Ingredients
3/4 cup white sugar (divided)
1/2 cup brown sugar
1/2 cup butter (softened), plus butter for pan
1 tsp vanilla extract
3/4 cup cream cheese (softened)
2 large eggs
1 1/2 cup all-purpose flour (can use spelt, whole wheat or combination)
1 1/2 tsp baking powder
1/2 tsp salt
2 tsp cinnamon
1/2 tsp nutmeg
6 cups chopped apples (Braeburn or Rome Beauty are best) - about 5 large apples
Juice and zest of 1/2 lemon
Preparation
- Preheat oven to 350 degrees
- Cream butter with 1/2 cup white and 1/2 cup brown sugar on medium speed.

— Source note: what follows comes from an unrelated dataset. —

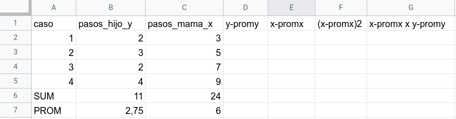 agregamos en la columna D y-promy, que es el caso correspondiente de \(Y\) (pasos hijo) menos su promedio. Por ejemplo, el primer caso de \(Y\) tiene el valor 2, y su promedio es 2,75. Por lo tanto, 2-2,75=-0.75, que es el valor a anotar en la celda correspondiente (columna D de la fila del caso 1).

Add cream cheese and mix until smooth. Add vanilla extract and eggs, beat well.
- In separate bowl, combine flour, baking powder and salt. Add to butter mixture at slow speed, one spoonful at a time until just combined.
- In a small bowl, combine 1/4 cup white sugar with 2 tsp of cinnamon and 1/2 tsp nutmeg. Sprinkle 2 tbs of this mixture over apples along with lemon juice and zest. Toss gently, then add apple mixture to batter. Stir to combine.
- Pour batter into a buttered spring form pan. Top with remaining cinnamon sugar mixture.
- Bake at 350 for about an hour or until the cake pulls away from the sides. Cool completely. Serve with creme fraiche.